« Antigone 82 » : ode à la paix

Publié le par Amelie Meffre

« Antigone 82 » : ode à la paix

THÉÂTRE. Seul l'art peut nous apaiser en ces temps troublés. Et "Antigone 82" s'en charge en nous plongeant dans la guerre du Liban pour mieux prôner la paix. La pièce d'après "Le quatrième mur" de Sorj Chalandon, mise en scène par Jean-Paul Wenzel, se joue à l'Epée de bois jusqu'au 3 février. Ne la manquez pas.

 

« Pourquoi cette pièce ? Je veux dire, le Liban est un pays en guerre et nous ne sommes pas réunis autour d'un texte qui parle de paix », s'énerve Madeleine, l'actrice chaldéenne qui va camper la nourrice de l'« Antigone » d'Anouilh.
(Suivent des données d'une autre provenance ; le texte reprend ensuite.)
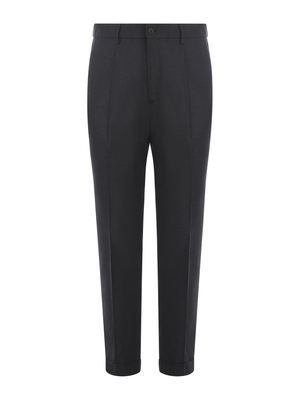 Pantaloni Briglia in lana vergine stretch di colore Grigio Antracite. Elastico in vita. Passanti per cintura. Chiusura con bottone e zip. Pience davanti. Tasche laterali. Tasche a filo con bottone sul retro.99% Lana Vergine, 1%ElastanMade in Italy

La pièce doit se jouer une seule fois dans un ancien cinéma de Beyrouth, quand tous les acteurs - chrétien, chiite, palestinien, sunnite et druze – seront réunis. Une gageure en 1982 dans un pays à feu et à sang portée par le metteur en scène Samuel Akounis, grec, exilé à Paris à la fin de la dictature des colonels. Malade, il confie le défi à son ami Georges. Tout est calé : les documents officiels pour chaque camp, les contacts avec les comédiens, reste à convaincre les familles. Jeune papa amoureux, Georges part au Liban pour tenter de finaliser le projet.

 

Du roman à la scène
Sorti en 2013 chez Grasset, prix Goncourt des lycéens, « Le quatrième mur » de Sorj Chalandon, ancien grand reporter à « Libération », écrivain et journaliste, s'apparente au chef-d’œuvre. En nous plongeant dans l'enfer libanais via le théâtre, le roman nous fait vivre la guerre dans toute son horreur et sa complexité. Via une palette de personnages aussi riches que divers et des allers-retours avec la France, l'empathie opère. Les émotions nous submergent au fil des pages. La force de la littérature risque souvent de s'amoindrir dans les transpositions cinématographiques ou théâtrales. La pièce « Antigone 82 », adaptée du roman par Arlette Namiand et mise en scène par Jean-Paul Wenzel, était là encore un défi à relever comme dans l'histoire. La troupe s'en charge sans fausses notes.

Spectateurs en haleine
Les gradins entourant la scène, nous sommes au cœur du récit à tel point que quand les acteurs se mêlent au public pour s'apostropher ou s'applaudir, on est tenté d'en faire autant. Et s'ils sont sur le plateau, ils sont tout proches. Nathan Gabily à la guitare et Hassan Abd Alrahman au chant et au Oud jouent en live en même temps qu'ils tiennent différents rôles. Sur un écran vidéo, les échanges entre les personnages, parfois filmés en direct, dans des va-et-vient entre Beyrouth et Paris à la manière de Skype, nous captivent. La proximité à l’œuvre dans le roman de Chalandon est restituée par la mise en scène et le jeu des acteurs. Tous sont à la hauteur d'un texte complexe quand tous les rôles, exceptés ceux de Georges (Pierre Giafferi) et de son chauffeur libanais Marwan (Hammou Graïa), sont multiples. Ainsi, Lou Wenzel incarne Imane, la Palestinienne qui sera Antigone quand Fadila Belkebla campera Khadijah, actrice chiite devant jouer Eurydice mais aussi Simone, ancienne ouvreuse de cinéma ou le docteur Cohen...
Tous les ingrédients sont réunis pour nous tenir en haleine de bout en bout, submergés par les émotions à l'instar du roman de Chalandon. Quand on passe du rire aux larmes et qu'on se dit que la paix, c'est sacré.

« Antigone 82 » : ode à la paix

« Antigone 82 », mise en scène par Jean-Paul Wenzel, jusqu'au 3 février 2019 au Théâtre de l’Épée de bois.